About Artemis

Inspiration

The idea for Artemis came from watching my sister struggle with ADHD and experiencing similar focus challenges ourselves. Sitting down to code, opening "just one tab" for documentation, and suddenly finding ourselves 30 minutes deep in YouTube videos with 47 open tabs and zero lines of code written became a pattern we couldn't ignore. Traditional productivity apps would block entire websites, but that felt too restrictive. A YouTube tutorial about React hooks is valuable learning content, while YouTube's homepage autoplay is a distraction trap. The difference isn't the domain, it's the intent and timing.

We wanted to build something smarter: a system that could actually understand what you're doing, what matters right now, and reshape your environment accordingly. Not by forcing rigid rules, but by learning your patterns and adapting in real-time. That's when we discovered the intersection of eye tracking, browser automation, and LLM reasoning could create something truly intelligent. For people with ADHD or anyone struggling with focus, context-aware assistance could be life-changing.

What It Does

Artemis is an AI-powered focus orchestration system that monitors your cognitive state and automatically optimizes your workspace. It combines:

  • Eye tracking via MediaPipe and EyeTrax to detect attention patterns, blink rates, and fixation stability
  • Browser telemetry through Chrome DevTools Protocol to analyze tab content, usage patterns, and engagement scores
  • Window monitoring to track active applications and infer task context
  • LLM reasoning using Claude 3.5 to semantically analyze content and make intelligent decisions
  • Environment control for smart lights (WiZ/LIFX) and music (Spotify) synchronized to flow phases

The system operates across four cognitive phases:

  1. Calibration - Warming up, high exploration, dispersed attention
  2. Engagement - Focus forming, gaze clusters stabilizing
  3. Flow - Deep focus achieved, minimal distractions
  4. Recovery - Fatigue detected, gradual cooldown

How We Built It

Architecture

Artemis is built as a multi-layered system with distinct components:

1. FlowSync Core (Electron + React + TypeScript)

  • Desktop application with glassmorphic UI using TailwindCSS and Framer Motion
  • IPC bridge between renderer and main process for system-level operations
  • Real-time metrics dashboard showing attention analytics

2. Eye Tracking Service (Python + Node.js Bridge)

  • Python service using EyeTrax library for gaze estimation
  • JSON-RPC communication over stdin/stdout for bidirectional messaging
  • Implemented Kalman filtering and variable scaling for 50% accuracy improvement
  • Calibration quality metrics with statistical analysis

3. Chrome Monitor (Chrome DevTools Protocol)

  • Connects to Chrome via CDP on port 9222
  • Executes JavaScript in target tabs to extract:
    • Page content (up to 10,000 chars)
    • Semantic information (headings, topics, sentiment)
    • Technical context (frameworks, languages, code blocks)
    • Behavioral metrics (scroll position, time spent, engagement)
  • Smart tab change detection that triggers LLM updates only when needed

4. LLM Reasoning Engine (Claude 3.5 Haiku)
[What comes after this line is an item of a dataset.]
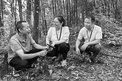 福建省龍巖市紀委監委將深化集體林權制度改革作為政治監督重要內容,不斷夯實高質量發展底色。圖為該市武平縣紀檢監察干部在萬安鎮捷文村林下靈芝種植基地了解有關情況。曹建橋 攝

  • Temporal memory system that stores significant moments with semantic tags
  • Computes real metrics from actual data (no hallucinated numbers):
    • Focus stability based on window/tab dwell time
    • Distraction level from tab switching frequency
    • Task coherence from domain consistency
    • Cognitive load from tab count and complexity
  • Conservative tab filtering with explicit decision logic:
    • Preserves educational content for learning tasks
    • Keeps documentation for development tasks
    • Only hides truly irrelevant or long-unused tabs
  • Learns user patterns over time with baseline improvement tracking

5. Environment Controllers (Python)

  • Spotify Web API integration with OAuth2 authentication
  • Smart lighting control for WiZ-compatible bulbs
  • Neuroergonomic presets based on research (cool white for focus, warm for breaks)

Key Technical Decisions

Why Electron? We needed desktop-level access to control Chrome, manage windows, and integrate with system APIs while maintaining a modern UI. Electron provided the perfect bridge.

Why Python for eye tracking? The EyeTrax and MediaPipe libraries are Python-native. We built a clean IPC bridge to Node.js rather than fighting the ecosystem.

Why Claude instead of GPT? Claude 3.5 Haiku offered the best balance of speed, cost, and reasoning quality for our use case. The 30-second analysis interval meant we needed fast, accurate responses.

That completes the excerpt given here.